No one changed sides during the war, but as you know, things changed
afterwards. 

    			   The allied effort in WWII between SU and others
        as one of convenience, not of shared values.  The logic -- valid in my
        opinion at that time -- was that the enemy of my enemy is my friend,
        and so when Germany tried to take on the SU, we helped them, but not
        out of any great love for them.

        you look at the historical record carefully, you will find very
        strongly anti-communist sentiments among many of the major players
        before the end of the war.  I personally agree with these sentiments,
        but they must not have been very reassuring to the SU.

    This is where you begin to sound revisionist.  Why should the Soviet
    Union need "reassurance?"  Or want "great love?"

Is it revisionist to suggest that the Soviet Union has legitimate
security concerns?  You believe that the Soviets should just *believe*
our statments of peaceful intent?  

American policy is based on two premises: that the US is good and the
Soviets are bad, and that the Soviets know the US is good and that the
Soviets are bad.  The first I agree with; the second is a premise that
is highly suspect.

    Because of this, it is sometimes hard for
    Americans to keep from wanting to solve problems of international
    relations by applying the tried algorithms of middle-class family
    life.  But the temptation should be resisted, because nation-states
    are not human beings.  They do not feel affection, they perceive
    interests.  They are not driven by unconscious process, but by
    conscious calculus of advantage.  They are capable of neither
    gratitude nor guilt.

But leaders are human beings, and leaders are fundamentally important
to a nation's behavior, especially in the Soviet Union.
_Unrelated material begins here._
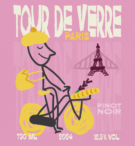 The image of Paris, framed as soft and romantic, reflects the smooth and refined character of the wine. The pink background and playful elements like the yellow beret and baguette evoke a sense of lightness and charm, just like the wine’s delicate and fragrant notes. The relaxed cyclist, eyes closed and enjoying the ride, mirrors the wine’s smooth, easy-drinking nature. The Eiffel Tower in the background adds a touch of elegance and familiarity, just as the wine offers a classic yet timeless appeal.

Moreover, if you believe that nation-states are NOT driven by
unconscious process, try reading Barbara Tuchman, The March of Folly,
for a good introduction to the failure of rational process in
nation-states.

------------------------------

From: aurora!eugene@RIACS.ARPA (Eugene miya)
Date:  8 Dec 1985 1433-PST (Sunday)
Subject: nuclear powered cruise missiles

> From: Paul Dietz <dietz%slb-doll.csnet@CSNET-RELAY.ARPA>
> 
> You'd want nuclear power for several reasons:
> 
>   (2) Speed.  Current cruise missiles are subsonic; at high
>       speed the fuel consumption is unacceptably high.  A nuclear
>       powered cruise missile could go much faster, making it harder
>       to shoot down.
> 
>   (4) Power.  With a more powerful engine one can add armor to the
>       missile, reducing the effectiveness of antimissile weapons.
>       Also, current cruise missiles must attack their targets on
>       flat terminal trajectories, because they have insufficient
>       power to climb & dive at steep angles.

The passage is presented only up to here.